Thursday, October 16, 2014
Debriefing Compliments
Posted to Gather, September 18, 2012 08:35 AM EDT
It’s hard to
imagine anything looking more painfully wrong. The gown, while still
dangling from a hanger in a doorway, reflected the impeccable skill and
attention to detail that brought people in need of a special occasion
seamstress to my mother’s door. The near paralyzing shock was not
related to the garment.
My job that day
was to assist with the hemming fitting. Jo changed into the gown and a
pair of pumps, clunked across the room, and nearly broke her neck
climbing up to stand on a chair. Mom measured and turned fabric – yards
of fabric around the bottom of the full-length, gathered skirt of the
gown. I held the red felt tomato cushion and supplied Mom with pins. I
had done this many times before with no problem other than wondering why
she placed the pins I handed her between her lips before using them on
the dress. Was I too slow? Did it enable her to position the pin the way
she wanted before using it?
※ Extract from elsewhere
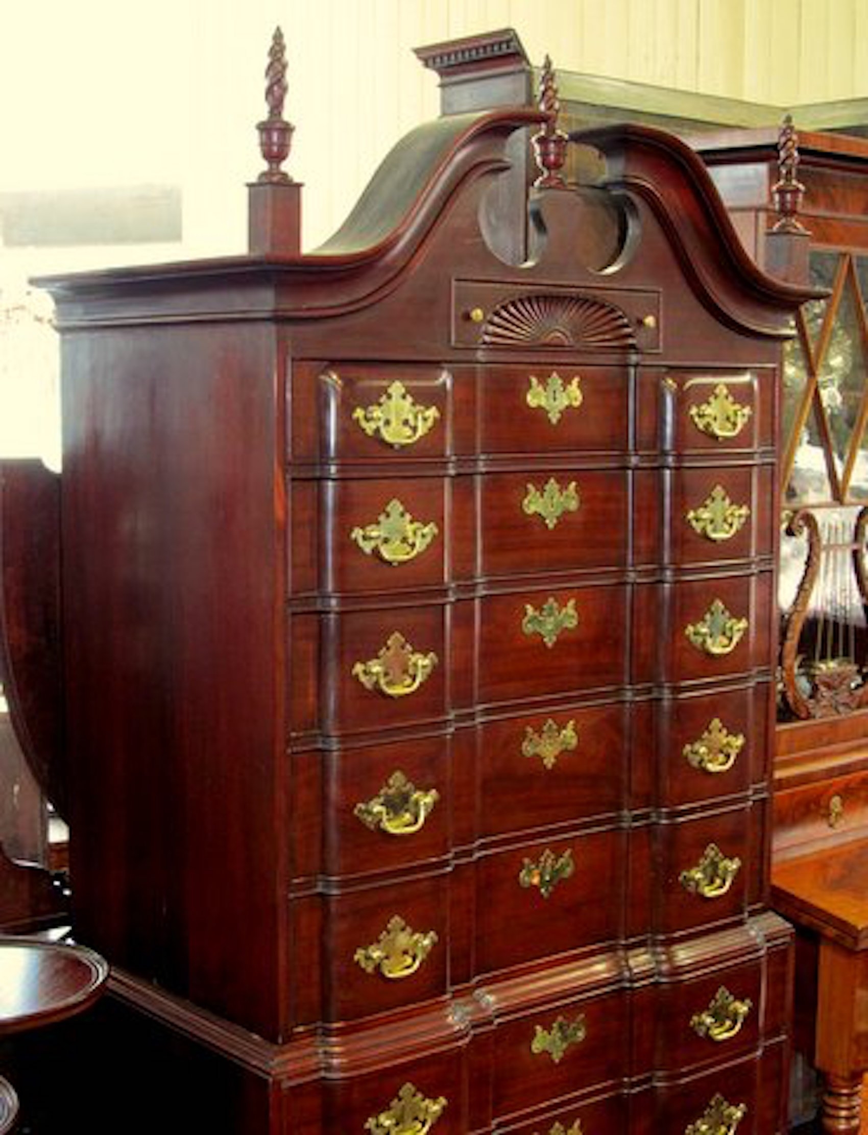 Superb Quality Old American Solid Mahogany “New England Black Front” Chippendale Style Chest on Chest

Did it replace the cigarette that was
usually between her lips? What should I do if she swallowed a pin?
This
time, seeking an explanation for the shocking wrongness replaced the
usual boredom-evading questions. The soft, frilly, bubble-gum-pink
bride’s maid gown looked ridiculous on Jo, who could easily have passed
for a male in the cloths she had worn in. A quick, self-conscious
meeting of the eyes told me she knew this as well as I did and couldn’t
wait to change back into her trousers, plaid shirt, and Chuck Taylors.
Guilt
almost destroyed me a few pins into the job. I was disappointed in me
for not wanting to tell Jo she looked pretty in her new dress. And I
hated myself for hoping Mom would swallow a pin since that was obviously
the only thing that might stop her continuous stream of
mumbled-around-pins, ridiculously unbelievable compliments. Couldn’t she
see that Jo looked more miserable with each word?
By
the time it was over, I felt as sorry for me as I did for Jo. Not only
was I forced to witness the wrongness of Jo in her pink gown and pumps,
and her misery in being complimented for looking a way I’m sure she
never wanted to look, I was also forced to realize how little my
mother’s compliments actually meant. Mom wasn’t blind or stupid so she
couldn’t possibly have thought miserable and wrong was attractive on Jo.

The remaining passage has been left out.